A great example of the worst of this series
30 August 2014 | by (United States) – See all my reviews

Stumbled into this one two days ago. To me, it just brings out all the things that were the worst of this series.

Ray finds out that his dad used to let him win at ping pong when he was a kid. Whether it's right or wrong for a parent to let a kid repeatedly win at some game doesn't matter. But for a parent to let the kid--even as a grown-up KNOW that he didn't win fairly is a very hurtful thing to do.

After learning this sad fact, we find Raymond challenging Frank to another game to see if he really can beat him. The fact that neither has played for years seems immaterial here, which of course makes no sense. Frank is now a fairly old man, so logic would say it doesn't matter if Ray can beat him now.

Ray prepares for this big game by getting Debra to insult him. He says his father always "trash talks" by calling him names and insulting him. Here we have another reason to dislike Frank. A man who is always insulting his kids when competing, calling them girl names and otherwise insulting them is surely making them hate to play any games where this happens--which is pretty much what they show here.

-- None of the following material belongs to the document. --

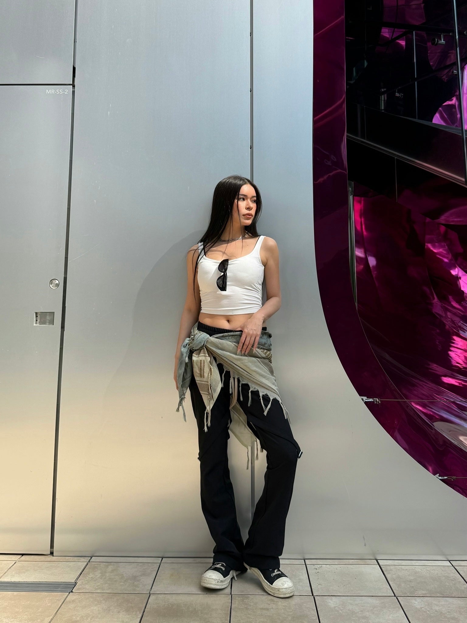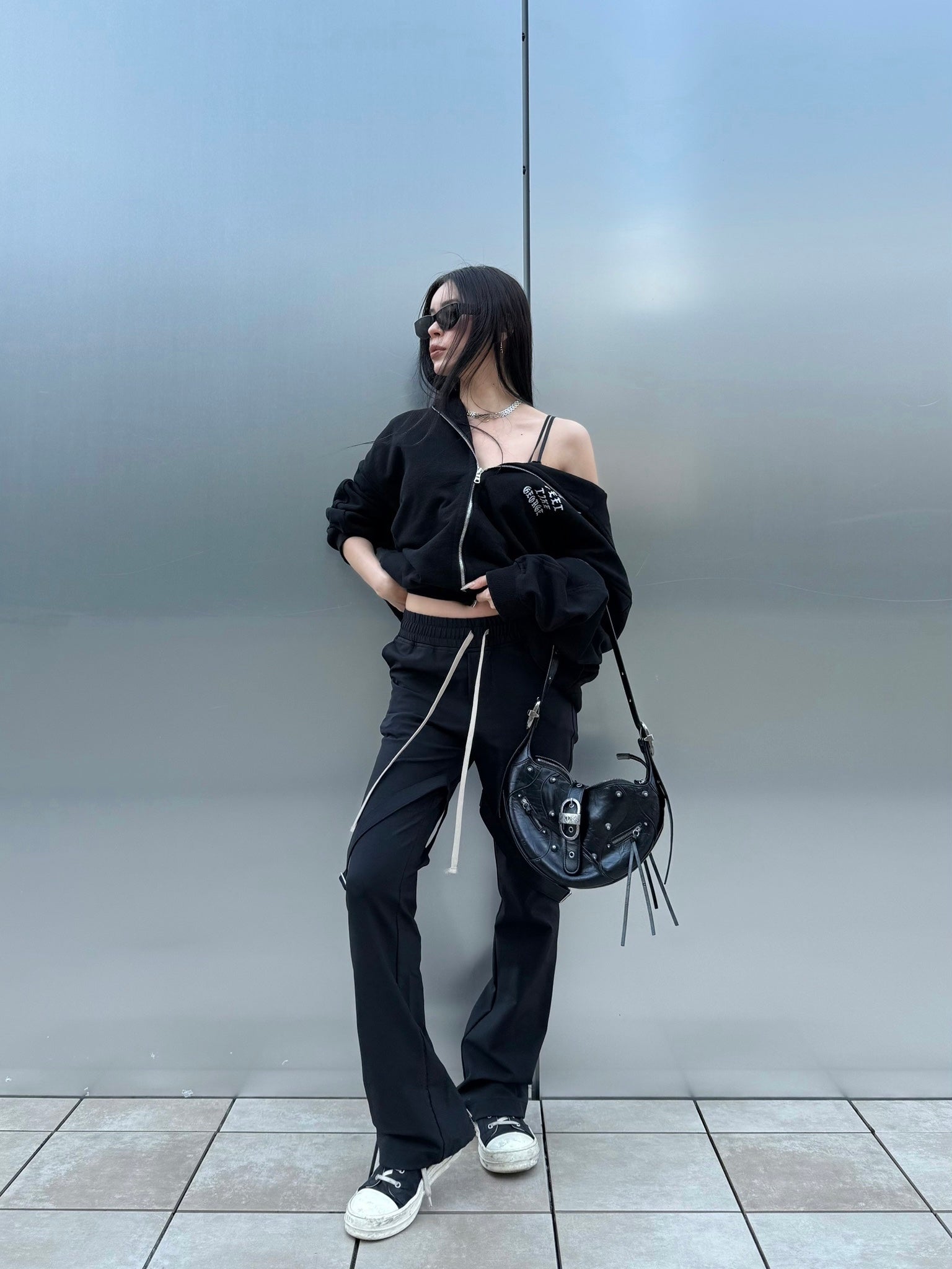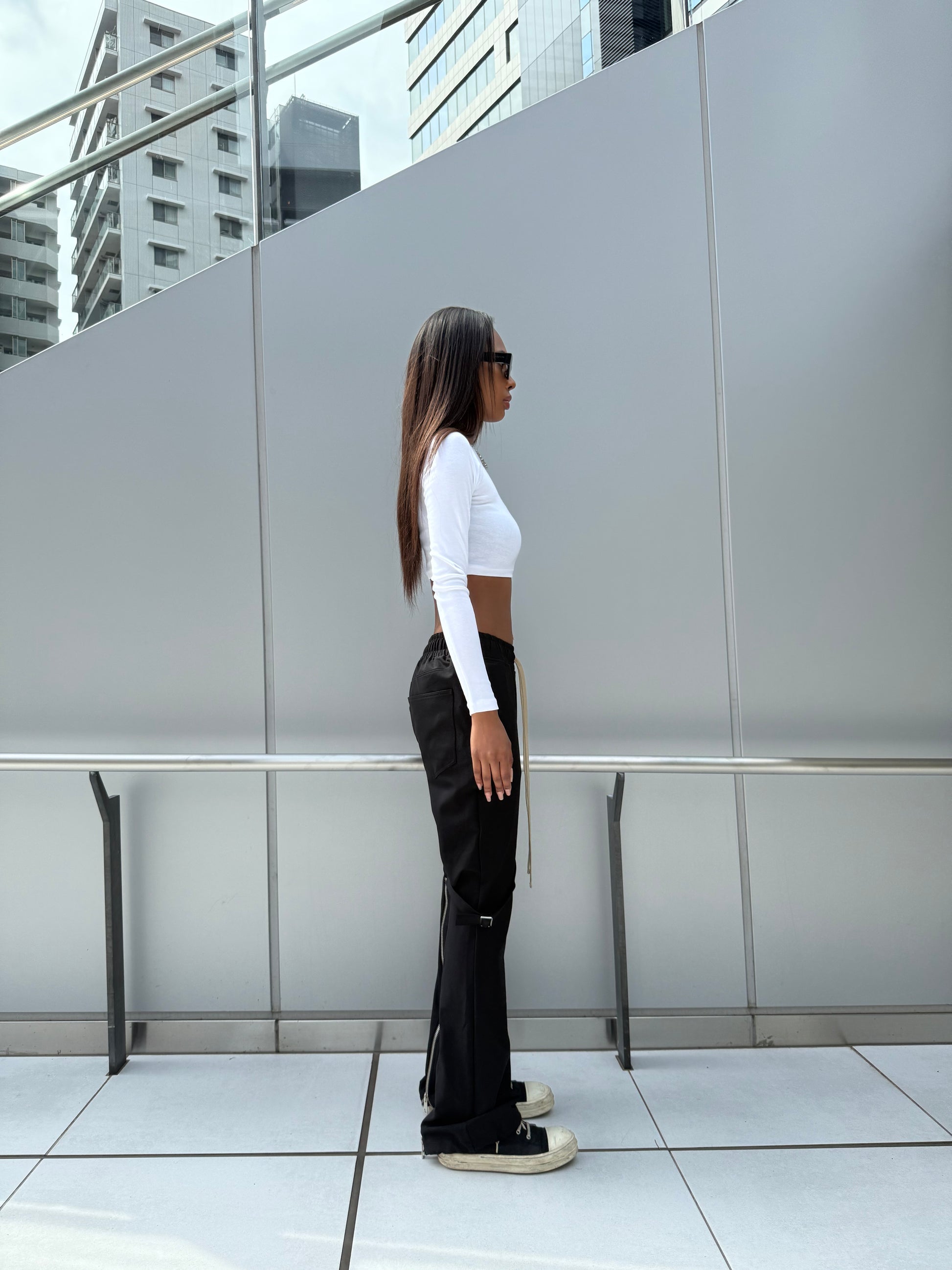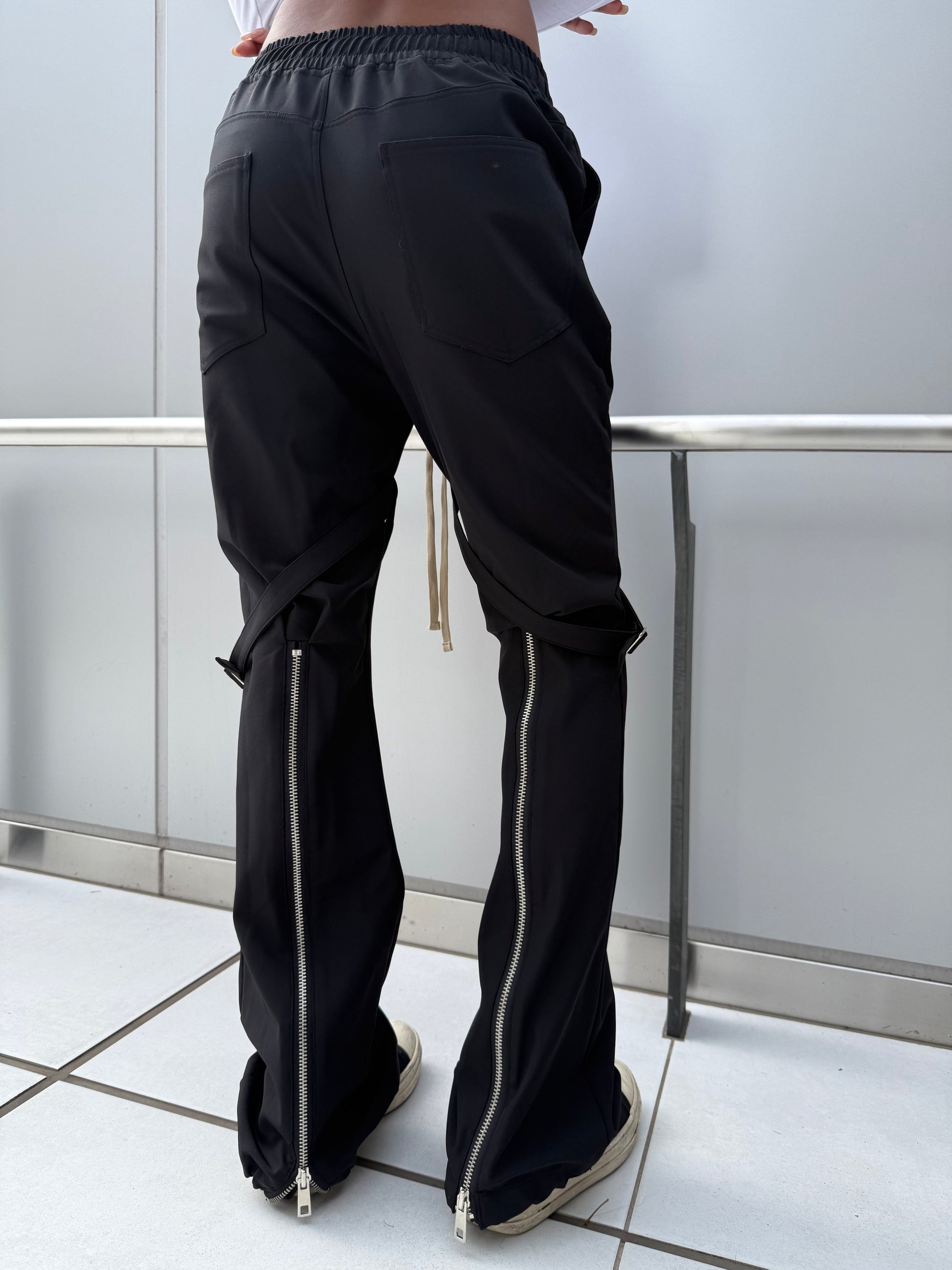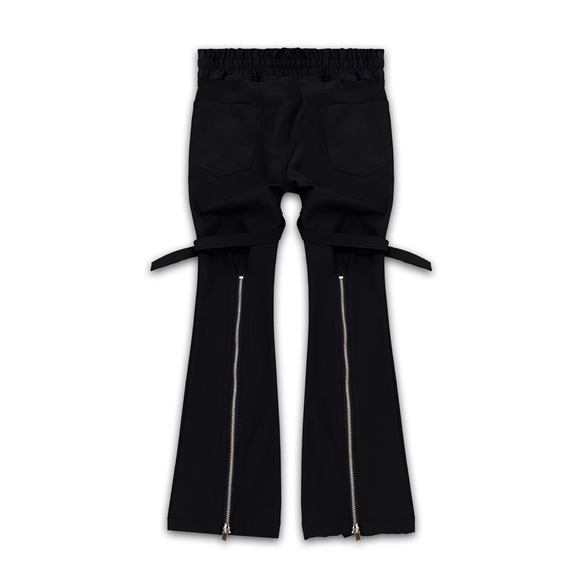 大胆に広がるフレアラインが描く、美脚シルエットパンツ。太ももに配したベルトが緩急を生み出し、膝下からの自然な広がりが脚を長く、細く魅せる設計。裾にはアジャスターを内蔵し、たまりの調整が可能。引きずらない丈感をキープしながら、低身長でも美しく穿きこなせる。バックスタイルにはMA-1と同仕様のジップディテールを施し、視線を惹きつけるアクセントに。一見シンプルでありながら、穿いた瞬間にその完成されたシルエットの良さが実感できる、REVIRAL’らしい力強くも洗練された一本。

On the day of the game, Frank comes down to the basement like he is some table tennis champion. Robert is there, supposedly to referee--as though that is necessary, and to "announce" the score after each point. I guess the audience is too stupid to count by ones. Marie is there to cheer on her son. Except in the middle of the game, Ray insults here (such love they show each other) that she walks down to be on her husband's side. Frank looks at her and says, "I liked you better when you were on his side." So she goes back. A normal person in that situation would have left the room.

I can't write about the rest without giving away something, so extra SPOILER ALERT now: As they play, Ray seems like he has never played ping pong in his life. He clumsily bangs his hand into the table, keeps slamming the ball high in the air far from the table and loses points quite rapidly. I guess they figured the audience would be bored if the two had a halfway decent volley. They announce that the game ends if one person scores the first seven points. Now before they changed the scoring to make a regular game over when someone scores 11 points instead of 21--which happened after this show originally aired--the common "skunk" rule required the person scoring all the points to get 11 before the game ended, not 7. Accuracy, thy name is not television programs.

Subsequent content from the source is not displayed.